I've checked the linked page and there's nothing about even learning the domain or learning the tech platform you're going to use. It's all blind faith, just a small step above copying stuff from GitHub or StackOverflow and pushing it to prod.

mbesto•1mo ago

You completely missed the point of my comment...

cultofmetatron•1mo ago

> There's a significant blind-spot in current LLMs related to blue-sky thinking and creative problem solving.

thats called job security!

ludicrousdispla•1mo ago

>> "Hey claude, I get this error message: <X>", and it'll often find the root cause quicker than I could.

Back in the day, we would just do this with a search engine.

Smaug123•1mo ago

It's not the same. Recently Opus 4.5 diagnosed and fixed a bug in the F# compiler for me, for example (https://github.com/dotnet/fsharp/pull/19123). The root cause is pretty subtle and very non-obvious, and of course the critical snippet of the stack trace `at FSharp.Compiler.Symbols.FSharpExprConvert.GetWitnessArgs` has no hits on Google other than my own bug report. I would have been completely lost fixing it.

andai•1mo ago

The current paradigm is we sorta-kinda got AGI by putting dodgy AI in a loop:

until works { try again }

The stuff is getting so cheap and so fast... a sufficient increment in quantity can produce a phase change in quality.

d-lisp•1mo ago

I remember about a problem I had while quick testing notcurses. I tried chatGPT which produced a lot of weird but kinda believable statements about the fact that I had to include wchar and define a specific preprocessor macro, AND I had to place the includes for notcurses, other includes and macros in a specific order.

My sentiment was "that's obviously a weird non-intended hack" but I wanted to test quickly, and well ... it worked. Later, reading the man-pages I aknowledged the fact that I needed to declare specific flags for gcc in place of the gpt advised solution.

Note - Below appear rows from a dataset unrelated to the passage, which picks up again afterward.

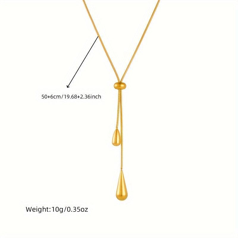 Elegant women's jewelry set made of stainless steel, featuring a golden water droplet tassel pendant design. Perfect for parties and as a gift.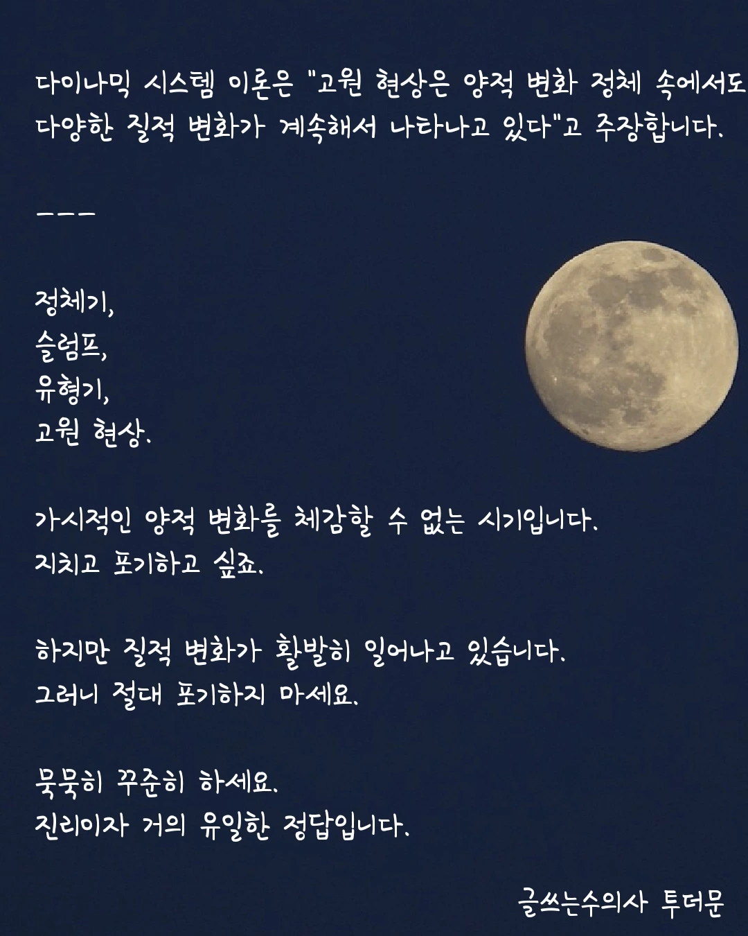 X의 글쓰는수의사 투더문(Tothemoon)님(@Tothemoon_Park) 열심히 하는데 안 느는 것 같다? 1. 열심히 안 한 거다. 열심히 했다고 착각한 거임. 2. 유형기다. ✅️https://t.co/6dm4RhiskE 늘지 않는 것처럼 느껴지지만 뿌리는 열심히 자라고 있다. 그러니 조금만
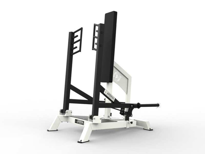 The Arsenal Strength Reloaded Standing Chest Press offers a one-of-a-kind chest training experience from a standing position with iso lateral workarms that move in a converging motion. Featuring 5 horizontal grip positions and 2 neutral grip positions, this machine provides the user with 4 range-limiting positions and a prestretch lever for an easier starting position. Starting movement weight: 20lbs
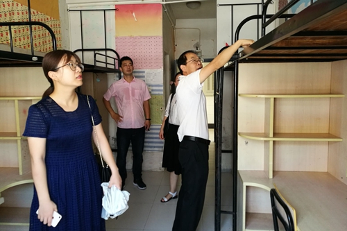 江正君一行逐个查看了新生宿舍的卫生状况和配套设施,对新生宿舍室内门窗、阳台的卫生安全情况和床铺、衣柜、空调以及水电等设施进行了细致的检查。在查看新生宿舍后,江正君指出,员工住宿是大事,安居方可乐学,没有安定舒适的“根据地”,员工很难集中注意力。尤其是刚离开父母、家乡的大一新生,宿舍是他们对学校的第一印象,因此宿舍环境至关重要。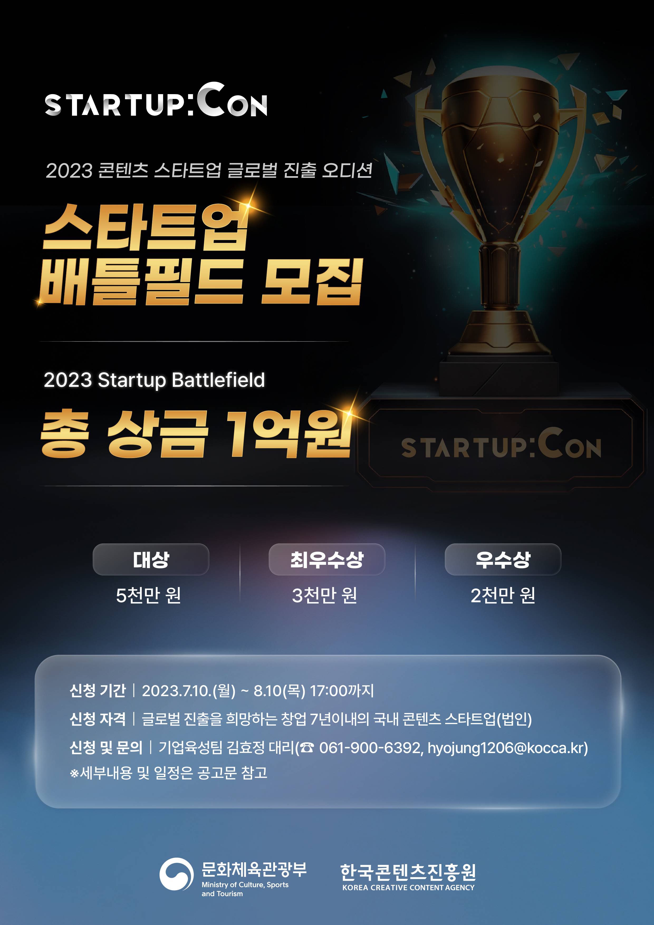 문화체육관광부(장관 박보균)와 한국콘텐츠진흥원(원장 조현래, 이하 콘진원)이 ‘2023 스타트업콘(Startup:CON, 이하 스타트업콘)’에서 콘텐츠 스타트업의 글로벌 진출 오디션 ‘배틀필드’에 참가할 기업을 다음달 10일까지 모집한다.

I think these kind of value based judgements are hard to emulate for LLMs, it's hard for them to identifiate a single source as the most authoritative source in a sea of lesser authoritative (but numerous) sources.

order-matters•1mo ago

TBH I think its ability to structure unstructured data is what makes it a powerhouse tool and there is so much juice to squeeze there that we can make process improvements for years even if it doesnt get any better at general intelligence.

If I had a pdf printout of a table, the workflow i used to have to use to get that back into a table data structure to use for automation was hard (annoying). dedicated OCR tools with limitations on inputs, multiple models in that tool for the different ways the paper the table was on might be formatted. it took hours for a new input format

now i can take a photo of something with my phone and get a data table in like 30 seconds.

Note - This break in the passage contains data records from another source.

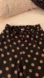 Stylish black pants with tan polka dots and a bow detail. Lined but flowy wide leg pants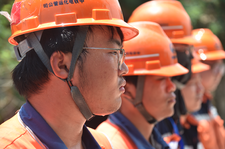 11點55分,封鎖命令一下,劉冉一馬當(dāng)先帶著大家沖到了線路上。由于鐵路線兩邊幾乎沒有任何遮陽的物體,經(jīng)過一上午的暴曬,鐵路線上的溫度已經(jīng)高達(dá)49.8℃,而現(xiàn)在頭頂上的太陽任然不斷地給鐵路上的道砟加熱,此時的鐵路線上,就像是一個巨大的烤箱。劉冉看著遠(yuǎn)處地面上的熱浪,拽了拽濕透后緊貼后背的衣服,招呼著后面的員工“大家動作快點,天窗只有109分鐘,不僅要檢修500米的設(shè)備,還要處理3處缺陷?!?/p>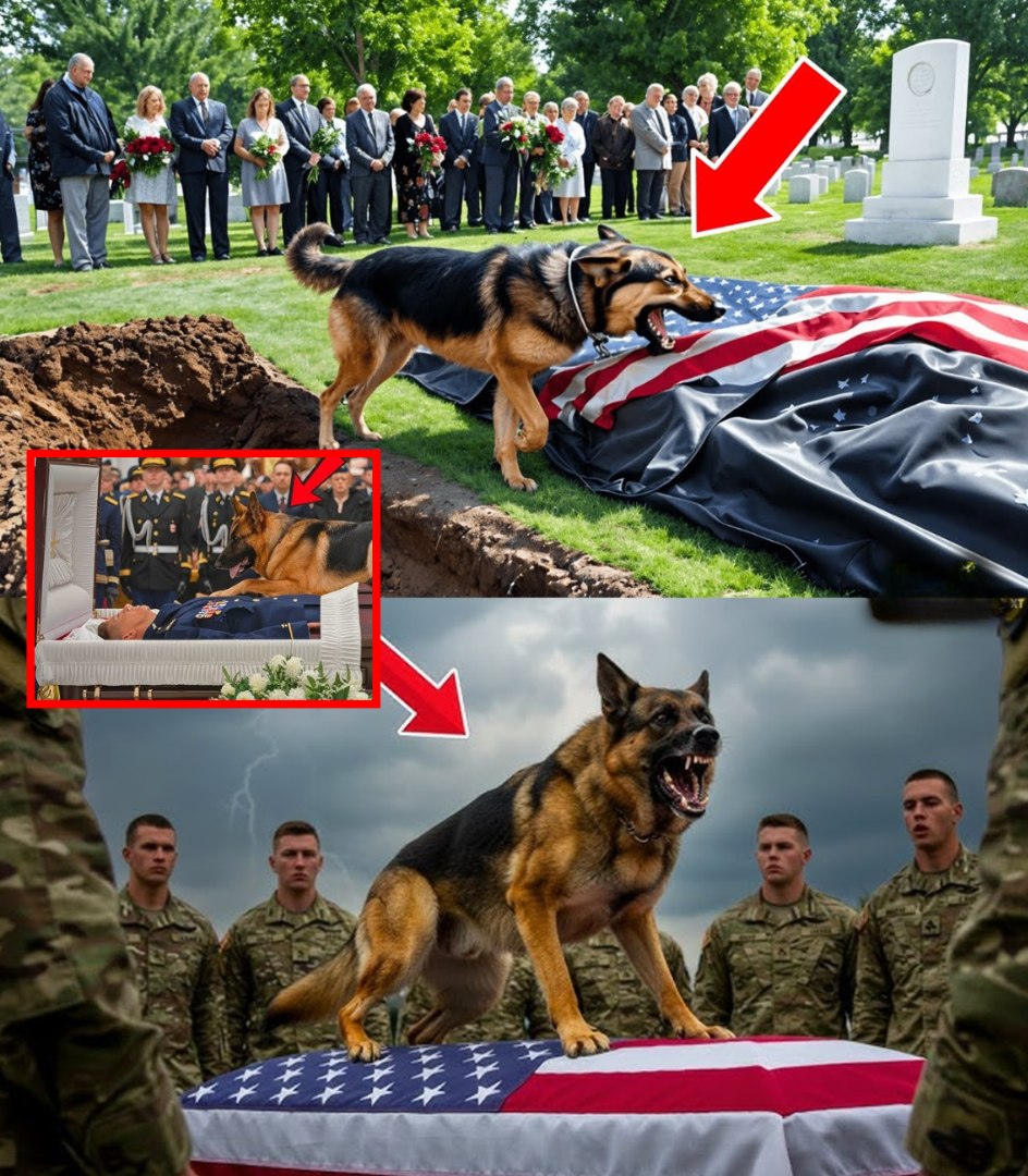 The German Shepherd K9 stood at the entrance of the chapel, his leash held firmly by the officer who had brought him. His chest rose and fell rapidly as though he sensed something was terribly wrong but couldn’t understand why. He sniffed the air, scanning the room, searching for a sign, an answer.

people seem so desperate to outsource their thinking to these models and operating at the limits of their capability, but i have been having a blast using it to cut through so much tedium that werent unsolved problems but required enough specialized tooling and custom config to be left alone unless you really had to

this fits into what youre saying with using it to do the grunt work i find boring i suppose, but feels a little bit more than that - like it has opened a lot of doors to spaces that had grunt work that wasnt worth doing for the end result previously but now it is

ericmcer•1mo ago

Exactly, if you visualize software as a bunch separate "states" (UI state, app state, DB state) then our job is to mutate states and synchronize those mutations across the system. LLMs are good at mutating a specific state in a specific way. They are trash at designing what data shape a state should be, and they are bad at figuring out how/why to propagate mutations across a system.

dolftax•1mo ago

The structured vs open-ended distinction here applies to code review too. When you ask an LLM to "find issues in this code", it'll happily find something to say, even if the code is fine. And when there are actual security vulnerabilities, it often gets distracted by style nitpicks and misses the real issues.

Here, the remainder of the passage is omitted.